Philippe Gerum Mon, 23 Feb 2009 10:58:34 -0800

Jan Kiszka wrote:
> Jan Kiszka wrote:
>> Philippe Gerum wrote:
>>> Jan Kiszka wrote:
>>>> Philippe Gerum wrote:
>>>>> Jan Kiszka wrote:
>>>>>> This is an attempt to fix the broken root domain state adjustment in
>>>>>> __ipipe_handle_exception. Patch below fixes the issues recently reported
>>>>>> by Roman Pisl. Also, it currently makes much more sense to me than what
>>>>>> we have so far.
>>>>>>
>>>>>> In short, this patch propagates the hardware irq state into the root
>>>>>> domains stall flag shortly before calling into the Linux handler, and
>>>>>> only then. This avoids spurious root domain stalls the end up over the
>>>>>> wrong Linux context due to context switches between enter and exit of
>>>>>> ipipe_handle_exception. Also, this patch drops the bogus
>>>>>> local_irq_save/restore pair that doesn't account for Linux irq state
>>>>>> changes inside its fault handler.
>>>>>>
>>>>> Actually, it is not bogus at all, it is even mandatory on x86_64, given 
>>>>> that we
>>>>> don't branch to any sysretq/iretq emulation unlike with x86_32. So if we 
>>>>> don't
>>>>> restore the stall bit for the root domain properly there, we could end up
>>>>> running with interrupts off in user-space.
>>>>>
>>>>> However, the way the interrupt state is currently saved is wrong: we 
>>>>> should not
>>>>> local_irq_disable() over non-root domains. Here is some on-line 
>>>>> documentation to
>>>>> explain why:
>>>>>
>>>>> The main difference between x86_32 and 64 is that the former does 
>>>>> virtualize the
>>>>> interrupt state in entry_32.S, unlike the latter. For that reason, x86_64 
>>>>> does
>>>>> not require (actually, we should not be doing) any fixup. So, to sum up:
>>>>>
>>>>> - we use fixup_if() to restore the virtual interrupt state properly when 
>>>>> control
>>>>> is given back to the code that triggered the fault/exception (x86_32).

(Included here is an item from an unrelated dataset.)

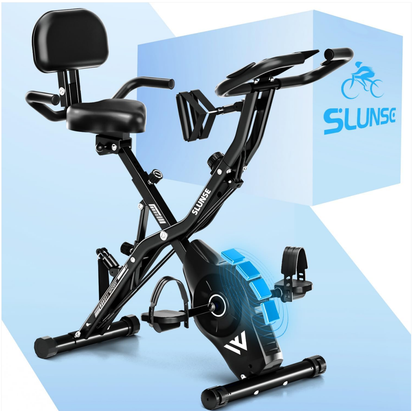
Image: SLUNSE 5-in-1 Foldable Stationary Exercise Bike.

We 
>>>>> need
>>>>> to do that because of task migrations between primary and secondary modes.
>>>>>
>>>>> - we must clear the virtual interrupt flag before calling the I-pipe 
>>>>> handler /
>>>>> Linux regular exception handler, because our callee may/must run in the 
>>>>> root
>>>>> domain as well, and expect that interrupt state to reflect the hw one, as 
>>>>> set by
>>>>> the x86 exception gate / fault prologue in entry_*.S.
>>>>>
>>>>> - because of the above, we must use 
>>>>> local_irq_save()/local_irq_restore_nosync()
>>>>> in our fault handler to make sure to restore the virtual interrupt flag 
>>>>> properly
>>>>> between this routine, and the exception return statement (i.e. during the 
>>>>> Linux
>>>>> fault epilogue in entry_*.S).
>>>> OK, if there is a reason to enforce a stalled root domain while calling
>>>> into the exception hook, this makes some sense. But I don't think it is
>>>> formally correct to save the root state on entry and blindly restore it
>>>> _after_ calling the Linux handler. I rather think we should keep the
>>>> state that Linux leaves behind to remain transparent to it. Maybe no
>>>> practical issue ATM, but it makes the code at least illogical.
>>>>
>>> Please re-read the explanations, and you will find the logic. I cannot do
>>> anything more than re-hashing what I just said. What you perceive as 
>>> illogical
>>> is actually the only sane way to do this. Formally speaking, a linux fault
>>> handler may NOT alter the interrupt state blindly, so we must be able to 
>>> assume
>>> that we ought to restore it the way the lower code set it.
>> I got your first and second point, but they don't imply to me that the
>> third shall be correct as well. "...to make sure to restore the virtual
>> interrupt flag properly" is not directly an clear explanation (for me)
>> why we have to restore the flag across calls to the _Linux_ handler. We
>> can demand that the hook handler leaves the root state untouched, but
>> requiring the same from Linux is a restriction that you don't find in
>> the ipipe-less case, nor do I see the reason for this under ipipe control.
>>
> 
> The make my question a bit more concrete (and help me writing the right
> comments around these lines): What makes the following change bogus,
> which scenario will fail?
> 
> Index: b/arch/x86/kernel/ipipe.c
> ===================================================================
> --- a/arch/x86/kernel/ipipe.c
> +++ b/arch/x86/kernel/ipipe.c
> @@ -685,7 +685,9 @@ int __ipipe_handle_exception(struct pt_r
>       }
>  
>       __ipipe_std_extable[vector](regs, error_code);
> -     local_irq_restore_nosync(flags);
> +
> +     __fixup_if(test_bit(IPIPE_STALL_FLAG, &ipipe_root_cpudom_var(status)),
> +                regs);
>  
>       return 0;
>  }
>



This would break the interrupt state on x86_64, because it is not virtualized by
the low level code (latency wise, this is not worth the burden). So your
exception path would stall the root domain, and never unstall it because you do
not have any iretq/sysretq emulation; actually, you do not have any fixup. This
would work on x86_32 for the converse reason though.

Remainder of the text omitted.